Now here is the problem. God loves us all, and God wants to do great things for each of us. God has plans for us, plans for good and not for evil to give us a future and a hope. However, we have broken faith with God. Both the Psalmist and the apostle agree, “None is righteous, no not one. No one understands. No one seeks for God. All have turned aside. Together we have gone wrong.”
Do you know the most difficult question in all the Bible? Here it is: How can a righteous God punish sin and spare the sinner? In Romans 3, St. Paul answers that question. He writes:
3 Since all (of us) have sinned and fall(en) short of the glory of God, 24 (we) are (made righteous) by (God’s) grace as a gift, through …Christ Jesus, 25 whom God put forward … to be received by faith. This was …to prove…that (God) himself is righteous (because God punishes sin) and that (God) makes righteous all who have faith in Jesus.

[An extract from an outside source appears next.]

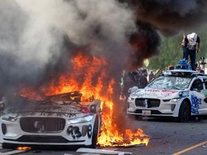 Unjuk rasa di Los Angeles berakhir ricuh. Mobil-mobil dibakar, kerumunan disemprot gas air mata.

That is my translation. I have left altered it to make Paul’s meaning clear, but I will guarantee you that my alteration is absolutely correct, and if you study the text long enough, you will agree.
Of course, the point is not that we understand the text. The point is that we accept the gift. God hates sin, because sin hurts people, including the sinner; but God loves the sinner, and wants save the sinner from sin and death. In Christ, God has made provision to save sinners from sin and death, that we might have new and abundant life. It is when we accept God’s offer or righteousness that God put forward in Christ that all God’s goodness is made available to us, and we can say with the prophet Jeremiah, “The LORD is our Righteousness.”